A Pew Research study found that most workers leave for one of three reasons: they don’t earn enough, aren’t offered opportunities to advance, and perhaps most importantly, many feel disrespected.

These factors mean that early stage startups can no longer compete on the basis of salary and benefits alone. Instead, hiring managers need to convince potential hires that they will join a supportive culture where they can expand their skills while contributing (and participating in) the company’s success.

There’s a very limited supply of talent and probably the biggest demand I’ve ever seen, so it’s really important that people think about how to differentiate themselves. Glen Evans

To learn more about how founders can streamline the recruiting and hiring process, find and develop talent, and discover some best practices for closing candidates, I spoke to Glen Evans, a partner in Greylock’s core talent team, at TechCrunch Early Stage .

“The state of the job market is more competitive than it has ever seen,” said Evans, who has two decades of experience overseeing recruiting and team building at fast-growing companies including Slack, Facebook and Google. At Greylock, he leads a team that advises portfolio companies on talent recruitment and acquisition.

“There’s a very limited supply of talent and probably the biggest demand I’ve ever seen, so it’s really important that people think about how to differentiate and build the foundation and habits to get the right talent in the early days,” he said . “It’s not rocket science.”

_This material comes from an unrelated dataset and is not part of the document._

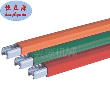 滑觸線用于給移動中的設備供電,由兩部分組成,滑線導軌(固定部分,與電源相接,常導軌由單長4m/根或者6米/根連接而成),集電器(滑動部分,可在滑線軌道上或內(nèi)滑動并與銅條接觸取電,集電器用于與移動電機相連)。
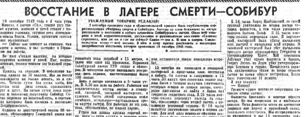 В этот день в 1943 году произошло восстание в лагере смерти Собибор. На свободу вырвались более 300 узников. Единственный успешный массовый побег из нацистского концлагеря организовал и возглавил советский офицер Александр Печерский. Его подвиг теперь увековечен художественным фильмом «Собибор».

Create a structured and repeatable recruitment process (and keep it simple)

Before hiring staff, Evans said founders and hiring managers should first develop a process that can scale as the team grows.

“I’ve seen a lot of companies do it very roughly and that leads to a lot of problems along the way,” Evans said. “Create a structured, organized and repeatable process, where you have clear lanes and clear coverage areas for interviewers. Don’t make it too rigid, but have a structure so you can train new hires. “

Each person involved must have a clearly defined role, but it’s also critical that every aspect of the hiring process aligns with the company’s marketing, brand, product value, and overall mission. To promote cohesion, train employees on basic best practices for interviews and create scorecards that highlight desired criteria.

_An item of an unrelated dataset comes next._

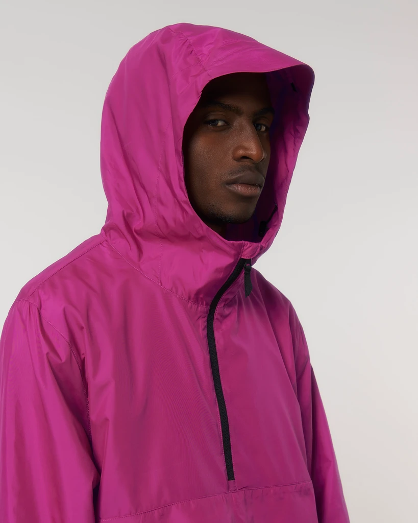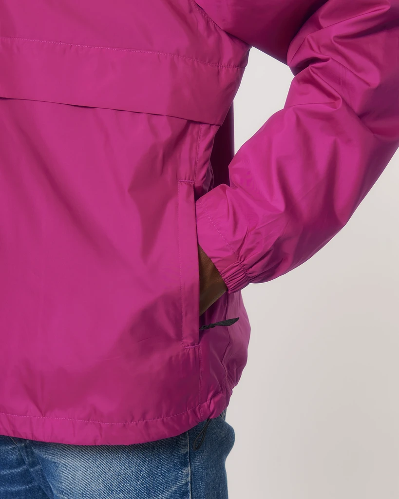 Materiál: 100% recyklovaný polyester, DWR bez fluoru; Gramáž: 75g/m²; Medium Fit střih, vsazené rukávy, prodloužená zadní délka se zakřiveným lemem pro ochranu, spodní lem s nastavitelnou plastovou zarážkou a elastickou šňůrkou, utěsněný kšilt kapuce, dvouvrstvá kapuce s nastavitelnou plastovou zarážkou a elastickou šňůrkou na vnitřní straně, nylonový zip vpředu uprostřed s ochranou brady, postranní kapsy na zip s přídavným stahovákem, klopa vpředu a vzadu, poloelastická manžeta na rukávu, půlměsíc na zadní straně krku, vnitřní otvor na zip u spodního lemu a vnitřní poutko se zapínáním na průramek pro snadný přístup pro dekoraci; Certifikáty: Global Recycled Standard (GRS), Fair Wair, STANDARD 100 by OEKO-TEX®, Peta - Approved VEGAN

“Scorecards will help you align with the signals, get the right questions, build a structure, and then communicate it to make sure people are following it,” Evans said. “They are not hiring by instinct – they have real facts that can link to why this person will be a good hiring.”

Foster a culture of recruiting and invest in it early

The slogan “always close” originated in a drama about high-pressure real estate sales tactics, but it is also a mantra for the founders early on in team building mode. Evans said team members need to take time out each week to recruit, meet candidates, and leverage their networks to find new hires.